■ **INFORMATION SUPPLIED**
-- -- --
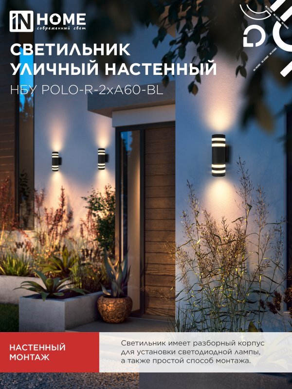 Оригинальные уличные светильники POLO-R-2xA60-BL от ТМ In Home предназначены для работы со светодиодными лампами E27. Линейка представлена в черном цвете и двух вариантах исполнения (круглый и квадратный корпус). Светильники предназначены для фасадной подсветки загородных домов, коттеджей, ресторанов, инсталляций. Благодаря современному дизайну, лаконичной форме и нестандартному световому эффекту, они станут идеальным решением для акцентного освещения общественных зданий и частных загородных коттеджей. Светильник имеет разборный корпус для установки светодиодной лампы. Корпус защищен специальной прокладкой, которая предотвращает проникновение влаги и защищает от запотевания. Основные характеристики светильника: • Предназначен под лампы E27 • Рассеиватель – стекло • Форма корпуса – цилиндр • Форматы светильников – односторонний и двухсторонний • Цвета корпуса – черный • Температурный диапазон -20° +40°C • Степень защиты IP65 • Простой монтаж и установка
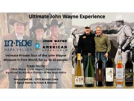 Courtesy of Significant Sig, Brandon Chaney of In Hoc Napa Valley, is offered a personal and intimate tour for 10 of the John Wayne Museum in Fort Worth, TX by Ethan Wayne (John Wayne's son), and a contribution from Brandon's personal cellar of a wooden crate containing 6 signed John Wayne branded wines and whiskeys. This is a first class experience being offered, ideal for any true fans of the Duke!
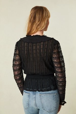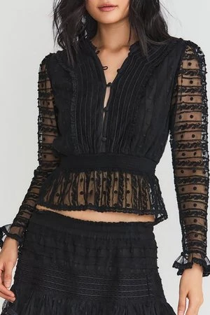 – Sheer long blouson sleeves with elasticated ruffle openings.
-- -- --
■ **PROMPT**
Set down, word for word, the full listing above, and carry over no pictures.

■ **RESULT OF THIS EXERCISE**
 Оригинальные уличные светильники POLO-R-2xA60-BL от ТМ In Home предназначены для работы со светодиодными лампами E27. Линейка представлена в черном цвете и двух вариантах исполнения (круглый и квадратный корпус). Светильники предназначены для фасадной подсветки загородных домов, коттеджей, ресторанов, инсталляций. Благодаря современному дизайну, лаконичной форме и нестандартному световому эффекту, они станут идеальным решением для акцентного освещения общественных зданий и частных загородных коттеджей. Светильник имеет разборный корпус для установки светодиодной лампы. Корпус защищен специальной прокладкой, которая предотвращает проникновение влаги и защищает от запотевания. Основные характеристики светильника: • Предназначен под лампы E27 • Рассеиватель – стекло • Форма корпуса – цилиндр • Форматы светильников – односторонний и двухсторонний • Цвета корпуса – черный • Температурный диапазон -20° +40°C • Степень защиты IP65 • Простой монтаж и установка
 Courtesy of Significant Sig, Brandon Chaney of In Hoc Napa Valley, is offered a personal and intimate tour for 10 of the John Wayne Museum in Fort Worth, TX by Ethan Wayne (John Wayne's son), and a contribution from Brandon's personal cellar of a wooden crate containing 6 signed John Wayne branded wines and whiskeys. This is a first class experience being offered, ideal for any true fans of the Duke!
 – Sheer long blouson sleeves with elasticated ruffle openings.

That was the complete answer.